** GIVEN MATERIAL **

= = = =

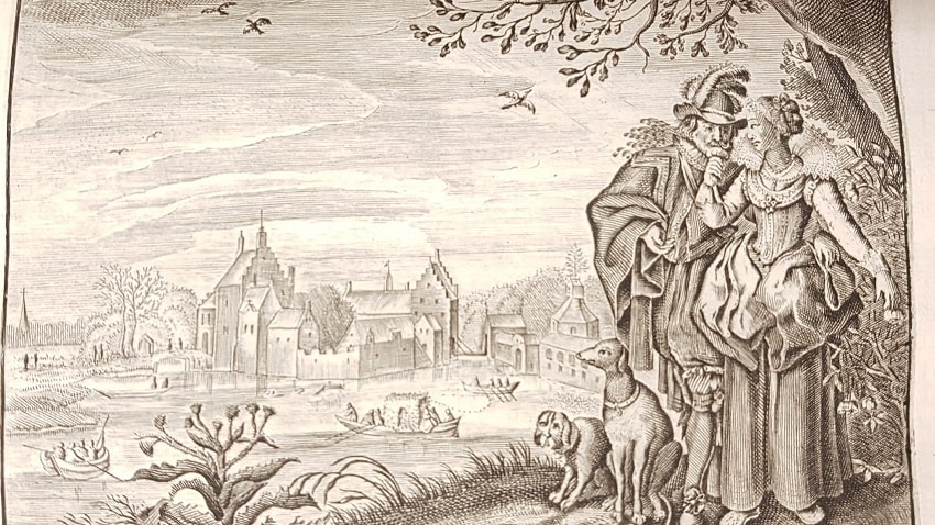 Foto 1: Een jong paar uit het werk van Jacob Cats ‘s Werelts begin, midden, eynde, beslooten in den trou-ring, met den proef-steen van den selven uit 1637
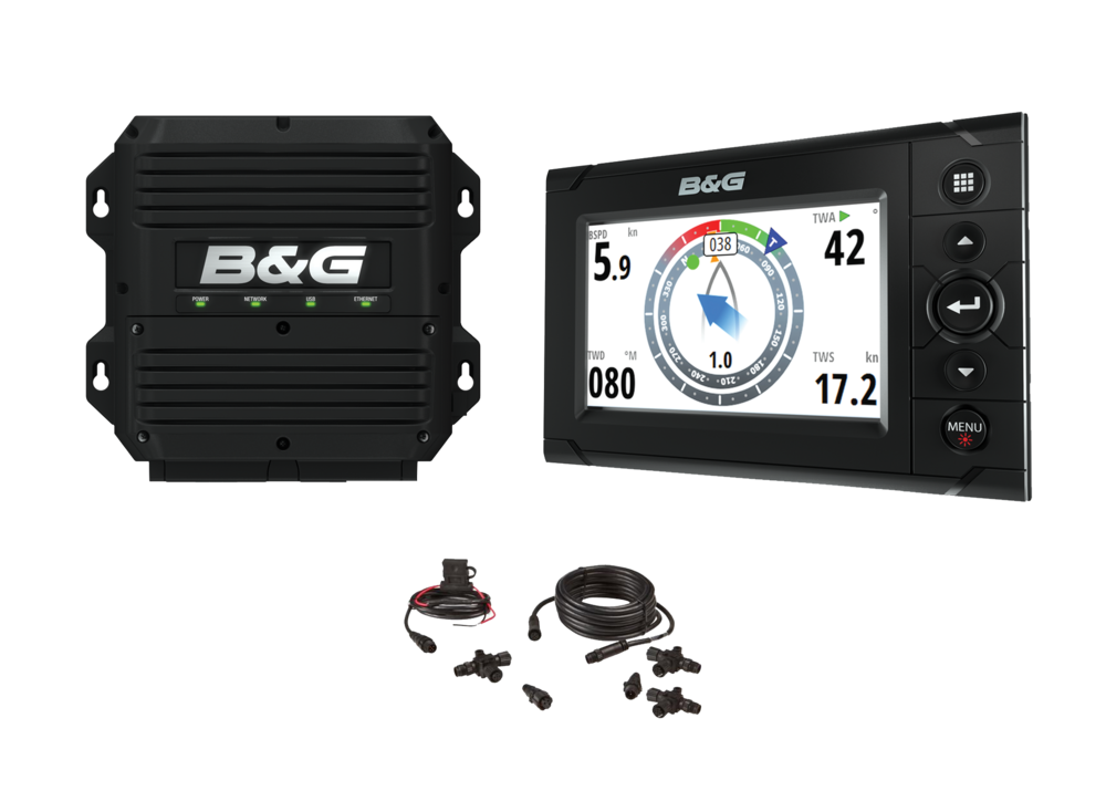 The H5000 instrument system is powered by a smart Central Processing Unit (CPU), capable of running three levels of software, Hydra, Hercules and Performance. Performance is specifically designed for larger yachts. In addition to the benefits of running a CPU delivered by Hydra, plus the racing features of Hercules, Performance introduces features to facilitate the monitoring of complex systems typical of larger yachts such as support for dual wind sensors. Additionally, the system provides support for dual rudders, including advanced features like rudder toe-in angle. Performance also monitors multiple daggerboards; port, starboard, centre and provides an active draught value (depth below the daggerboard). Further bespoke functionality delivered by Performance for sailing large yachts includes the tracking of ground wind speed and direction, Rate of Turn and enhanced polar performance targets. It is straightforward to set up and calibrate with the new H5000 web-browser interface, however complex the system. Key Features -Hercules spec plus: Performance is packed with all the powerful features of the Hydra and Hercules systems, adding unique functionality for larger racing yachts and Superyachts -User Defined Functions: This intuitive system lets you define up to 16 user functions for the ultimate in configuration flexibility. -Enhanced Sensor Support including Dual Wind: The Performance CPU introduces features for the monitoring of more complex systems typical of larger yachts including dual wind sensors, rudders and multiple daggerboards, Ground Wind speed and direction and Rate of Turn -Ultra-fast ARM Processor: The CPU achieves processor speeds of up to 50 times that of its predecessor, for rapid calculation, real-time data and fast updates; each with the trademark B&G precision -GoFree™ Wireless Technology: Expand functionality even further with third-party apps and stream data via GoFree, B&G’s powerful wireless solution to remotely view H5000 instrument data via your tablet or smartphone. Requires wireless module. -Network compatible: H5000’s highly compatible network provides peace of mind and swift, seamless integration with other instruments and electronics across the B&G marine network including AIS, radar and chartplotters -Browser-based set-up: The CPU features browser-based setup via the new H5000 interface for fast, efficient and hassle-free commissioning and calibration LED status indicators: Status indicators on the CPU provide a clear indication of system status.
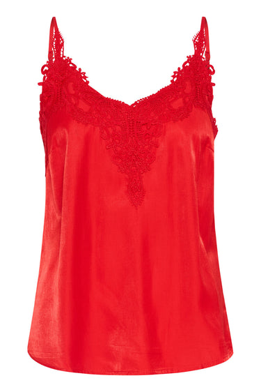 - OBS! Fjernlager. Levering kan blive forlænget med 2-3 dage, hvis varen ikke findes i vores butik lige nu.Feminin top fra Cream med smalle justerbare skulderstropper og smukke blondedetaljer.

= = = =

** WORK INSTRUCTION **
Retype the data word for word, please, and keep the images out.

** RESULT **
 Foto 1: Een jong paar uit het werk van Jacob Cats ‘s Werelts begin, midden, eynde, beslooten in den trou-ring, met den proef-steen van den selven uit 1637
 The H5000 instrument system is powered by a smart Central Processing Unit (CPU), capable of running three levels of software, Hydra, Hercules and Performance. Performance is specifically designed for larger yachts. In addition to the benefits of running a CPU delivered by Hydra, plus the racing features of Hercules, Performance introduces features to facilitate the monitoring of complex systems typical of larger yachts such as support for dual wind sensors. Additionally, the system provides support for dual rudders, including advanced features like rudder toe-in angle. Performance also monitors multiple daggerboards; port, starboard, centre and provides an active draught value (depth below the daggerboard). Further bespoke functionality delivered by Performance for sailing large yachts includes the tracking of ground wind speed and direction, Rate of Turn and enhanced polar performance targets. It is straightforward to set up and calibrate with the new H5000 web-browser interface, however complex the system. Key Features -Hercules spec plus: Performance is packed with all the powerful features of the Hydra and Hercules systems, adding unique functionality for larger racing yachts and Superyachts -User Defined Functions: This intuitive system lets you define up to 16 user functions for the ultimate in configuration flexibility. -Enhanced Sensor Support including Dual Wind: The Performance CPU introduces features for the monitoring of more complex systems typical of larger yachts including dual wind sensors, rudders and multiple daggerboards, Ground Wind speed and direction and Rate of Turn -Ultra-fast ARM Processor: The CPU achieves processor speeds of up to 50 times that of its predecessor, for rapid calculation, real-time data and fast updates; each with the trademark B&G precision -GoFree™ Wireless Technology: Expand functionality even further with third-party apps and stream data via GoFree, B&G’s powerful wireless solution to remotely view H5000 instrument data via your tablet or smartphone. Requires wireless module. -Network compatible: H5000’s highly compatible network provides peace of mind and swift, seamless integration with other instruments and electronics across the B&G marine network including AIS, radar and chartplotters -Browser-based set-up: The CPU features browser-based setup via the new H5000 interface for fast, efficient and hassle-free commissioning and calibration LED status indicators: Status indicators on the CPU provide a clear indication of system status.
 - OBS! Fjernlager. Levering kan blive forlænget med 2-3 dage, hvis varen ikke findes i vores butik lige nu.Feminin top fra Cream med smalle justerbare skulderstropper og smukke blondedetaljer.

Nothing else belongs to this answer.